Club Atlético Valladolid is a Mexican football club based in Morelia, Michoacán that currently competes in the Tercera División de México, the bottom division level of Mexican football.

==History==
The club was founded for the first time in 1959, to compete in the Segunda División de México, taking advantage of the fact that Club Deportivo Morelia had been promoted to the Primera División de México. In 1962, the team stopped competing professionally for the first time.

In 1979, the team returned to take part in the professional leagues by enrolling in the Tercerca División de México. In 1981, Atlético Valldolid bought the place of Club Atletas Industriales de Querétaro, and with that it returned to the Segunda División, taking advantage of the fact that Atlético Morelia was promoted to the Primera División. In 1983, the team suffered several financial problems, so it was relocated to Irapuato, Guanajuato and sold its place to Club Irapuato, and therefore, it was dissolved.

In 2016, the team was revived by an alliance between a local businessman and a group of many former professional footballers, with the aim of turning it into a development team for youth players and seeking a promotion in the future. During its first season, the newly revived team was officially located in Navojoa, Sonora and played as Generales de Navojoa, because the club got the loan from that franchise to be able to compete.

In the 2017–2018 season, the team achieved its official registration as a club, so it was able to compete with that name. However, at the end of that period, the team was relocated to Pátzcuaro, Michoacán, because it did not get the sufficient support of the government and sponsors to allow it to use a stadium in Morelia.

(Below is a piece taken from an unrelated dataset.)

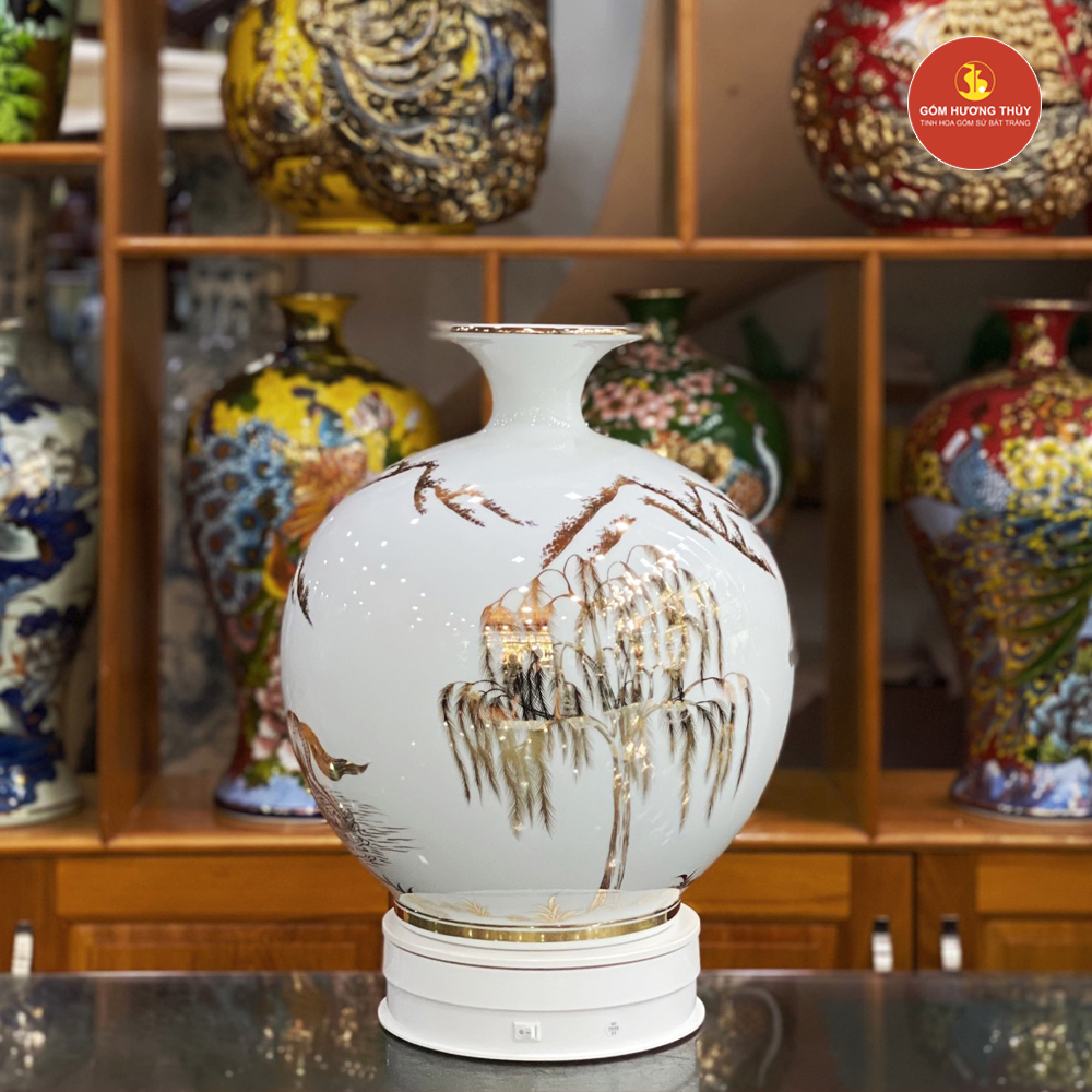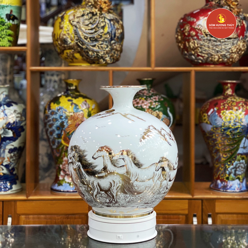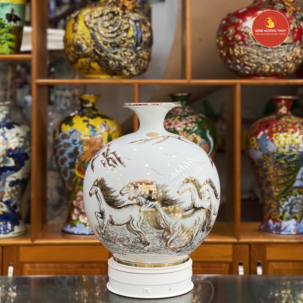 TÊN SẢN PHẨM: Bình Hút Lộc H35 Bát mã Nền Trắng Vẽ Vàng 24K

In 2019, the club was relocated to Tuxtla Gutiérrez, Chiapas due to economic debts and financial problems and was officially suspended from the Tercera División. However, after it was suspended from the league, the club was relocated back to Morelia, Michoacán in 2020, and later, the club merged with the Panteras project, creating a new team called Ates Morelia RC, but using the original Atlético Valladolid registry. In 2021, the alliance with Ates Morelia officially ended, and the team returned to compete as Atlético Valladolid, recovering its original owners and entering into an alliance with La Piedad, because both clubs share the same group of owners.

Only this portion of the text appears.